HandX: Scaling Bimanual Motion and Interaction Generation¶

Conference: CVPR 2026 arXiv: 2603.28766 Code: https://handx-project.github.io Area: Human Understanding / Motion Generation Keywords: Bimanual Motion Generation, Dexterous Hand Interaction, Motion Capture Dataset, Text-to-Motion, Scaling Law

TL;DR¶

This work introduces HandX—a unified bimanual motion generation infrastructure comprising 54.2 hours of motion data and 485K fine-grained text annotations. It proposes a decoupled automatic annotation strategy (kinematic feature extraction + LLM-based description generation) and benchmarks two generation paradigms—diffusion and autoregressive—demonstrating clear data and model scaling trends.

Background & Motivation¶

Background: Whole-body human motion generation has achieved significant progress (e.g., MDM, MotionDiffuse), yet nearly all methods treat the hands as rigid end-effectors, lacking fine-grained finger joint representations. Hand-specific datasets and evaluation metrics are equally scarce—existing data either omit hand details (HumanML3D, InterAct) or are confined to object manipulation scenarios (ARCTIC, H2O), with coarse annotation granularity.

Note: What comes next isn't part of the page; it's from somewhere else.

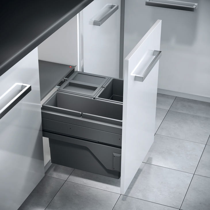 Kosz na śmieci POTRÓJNY do szafki min. 500 mm, Hailo Cargo 3610831, 1 x 17 i 2 x 13 litrów HÄFELE 502.58.324

Limitations of Prior Work: (1) Absence of high-fidelity motion data capturing fine finger dynamics and bimanual coordination; (2) heterogeneous skeleton definitions, frame rates, and annotation protocols across data sources that preclude straightforward merging; (3) prohibitive cost of large-scale manual annotation; (4) lack of evaluation metrics that measure hand motion fidelity and bimanual coordination quality.

Key Challenge: Generating realistic bimanual motion demands large volumes of high-quality data with fine-grained annotations, yet high-quality data capture is expensive, manual annotation does not scale, and no unified evaluation framework exists.

Goal: Establish a unified infrastructure spanning data, annotation, and evaluation to support high-quality bimanual motion generation research.

Key Insight: A three-pronged strategy of integration, self-capture, and automatic annotation to address the data problem, complemented by benchmarking two generation paradigms to study scaling behavior.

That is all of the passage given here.